How to complete this task
Everything from the line that contains "There is quite" to the final line of the data, both ends included, must be set down exactly, apart from the pictures.
Recorded information START
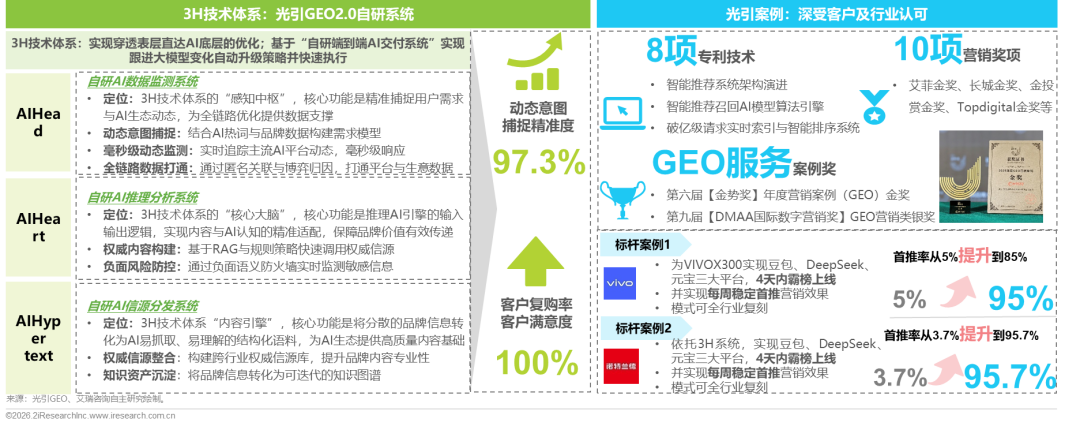 光引科技是聚焦生成引擎优化领域的AI科技营销公司,由阿里巴巴、英伟达、腾讯、字节跳动等企业顶尖营销与技术专家于2018年联合创立。基于“自研深层优化体系(3H技术体系)”实现穿透表层直达AI底层的优化;基于“自研端到端AI交付系统”实现跟进大模型变化自动升级策略并快速执行;双能力叠加,独家实现GEO从1.0 (表层优化,治标不治本)到 2.0 (深层优化,标本兼治)的跨越。光引GEO基于深厚AI技术和营销服务能力,为品牌客户提供在全球AI大模型和中国AI大模型的生成引擎优化服务,包括品牌营销、流量获取、电商转化、口碑维护等全方位的AI大模型平台优化工作,从而提高品牌在AI大模型中的露出率、首推率、正面率。
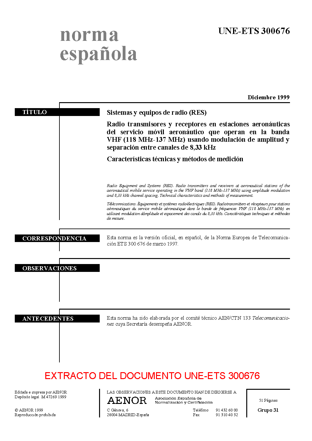 UNE-ETS 300676:1999
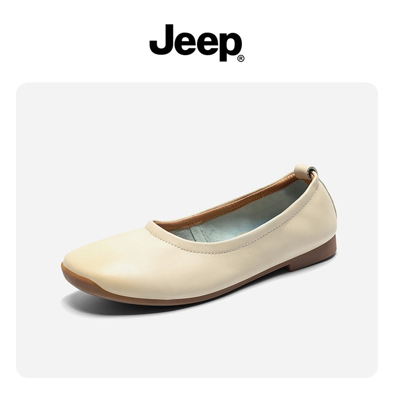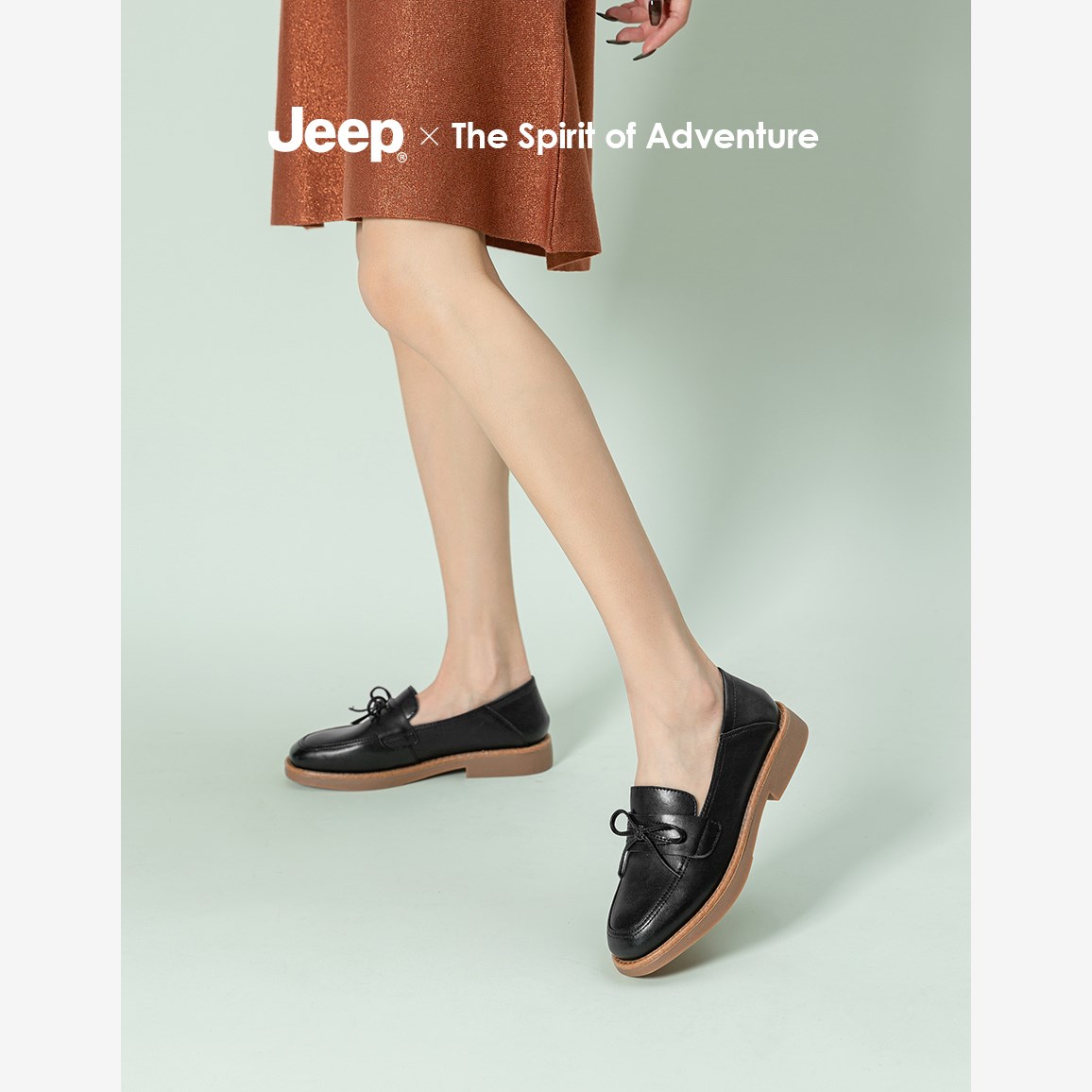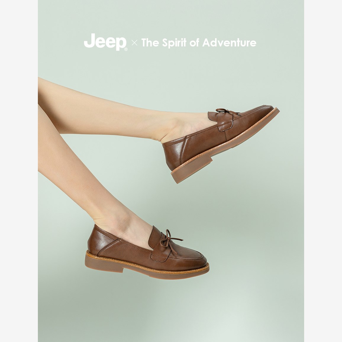 JEEP 秋季新款浅口蝴蝶结真皮一脚蹬耐磨女士平底皮鞋PD213WAS300
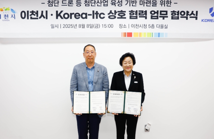 이천시는 8월 8일, 한국상호운용성기술자문(KOREA-ITC)과 함께 첨단 드론 산업 육성 기반 마련을 위한 상호 협력 업무협약을 체결했다.
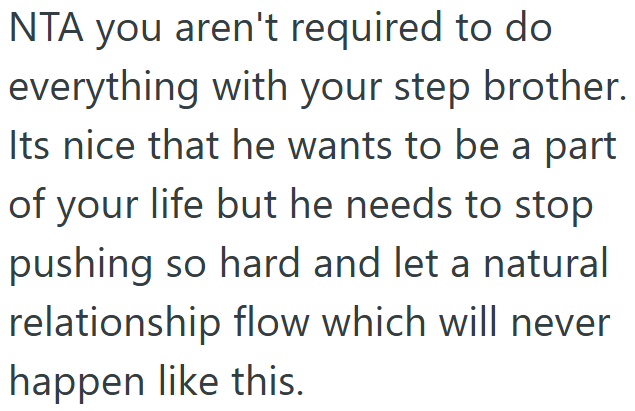 But I know it might bother my dad. I don’t think he’ll care that I didn’t include my stepbrother but I know things could get messy because of my choice.
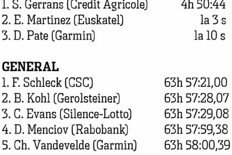 Nimic nu este însă jucat, primii șase la „general” aflându-se la diferențe ce nu depășesc 60 de secunde! Atacat din toate părțile, Cadel Evans (Silence-Lotto) s-a văzut depășit de Schleck și de Bernhard Kohl pe finalul unei etape câștigate clar, la sprint, de Simon Gerrans (Credit Agricole).
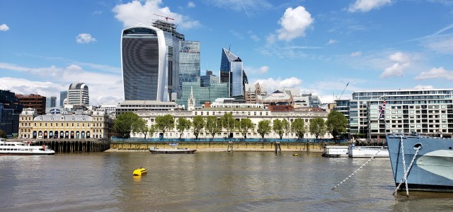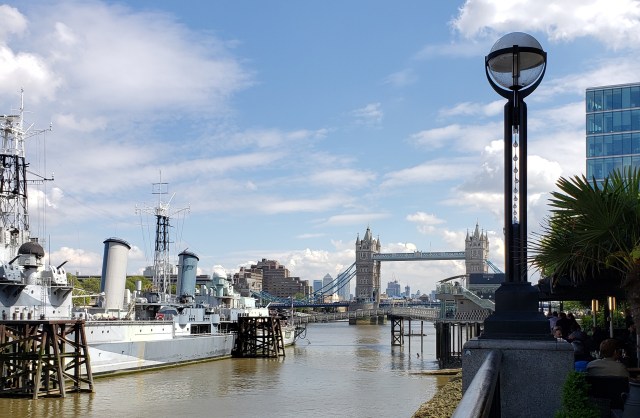 There is quite a contrast between the new (and many oddly shaped) buildings and the buildings from times of old. The bow of the boat in the river is the HMS Belfast that is open for tours.
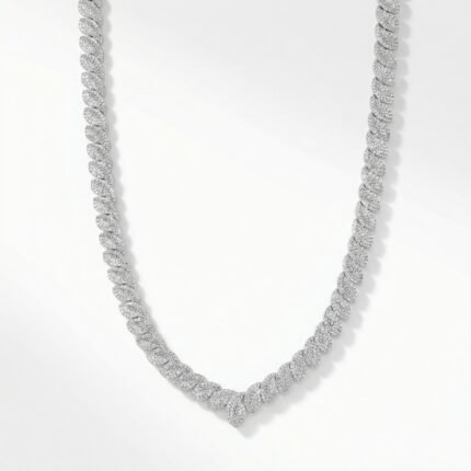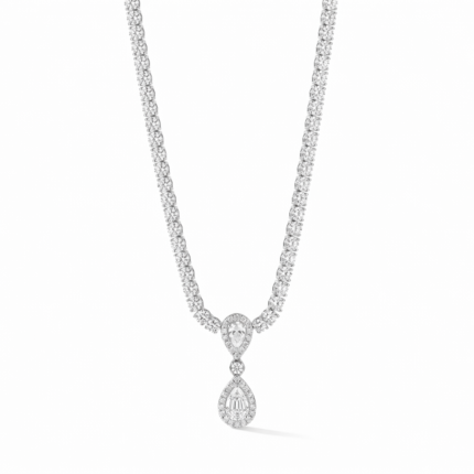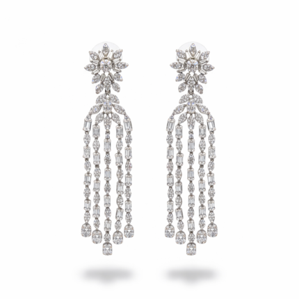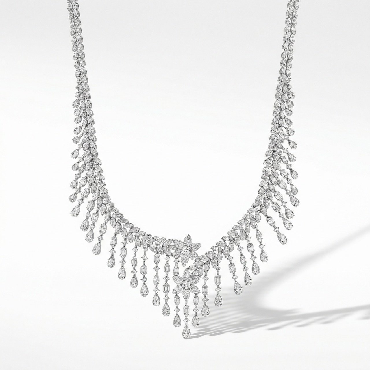 A breathtaking necklace featuring cascading crystal drops that create a waterfall effect around the neckline. The center floral cluster adds a regal touch, while the matching earrings complete the look with graceful movement and radiant sparkle.
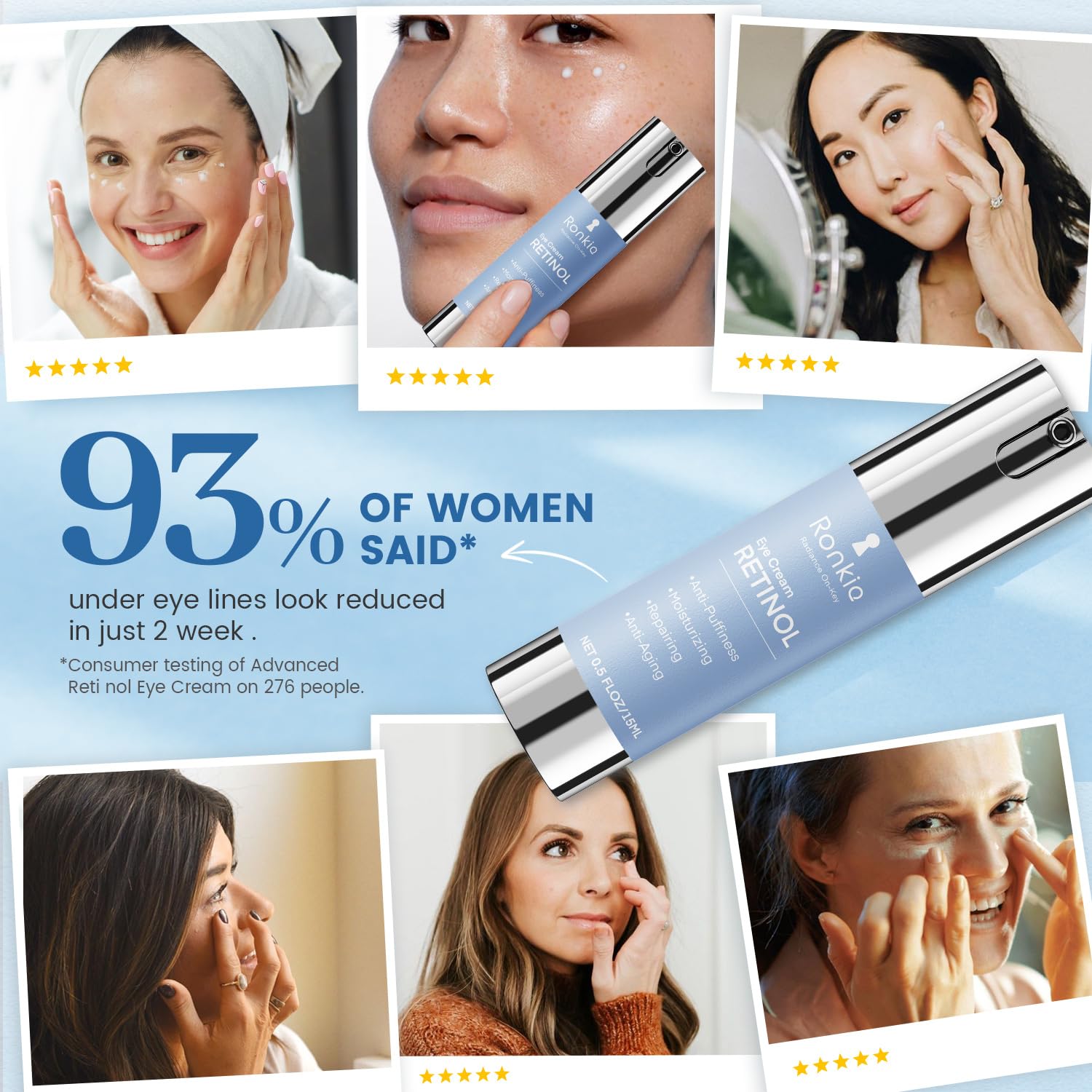 - Anti Aging eye care: Ronkie Retinol Eye Cream visibly densifies, smooths and boosts the delicate skin around the eyes for the maximum diffusion of light in all its dimensions, targeting puffiness, dark circles, fine lines and wrinkles.
Recorded information END
Answer for the task
 There is quite a contrast between the new (and many oddly shaped) buildings and the buildings from times of old. The bow of the boat in the river is the HMS Belfast that is open for tours.
 A breathtaking necklace featuring cascading crystal drops that create a waterfall effect around the neckline. The center floral cluster adds a regal touch, while the matching earrings complete the look with graceful movement and radiant sparkle.
 - Anti Aging eye care: Ronkie Retinol Eye Cream visibly densifies, smooths and boosts the delicate skin around the eyes for the maximum diffusion of light in all its dimensions, targeting puffiness, dark circles, fine lines and wrinkles.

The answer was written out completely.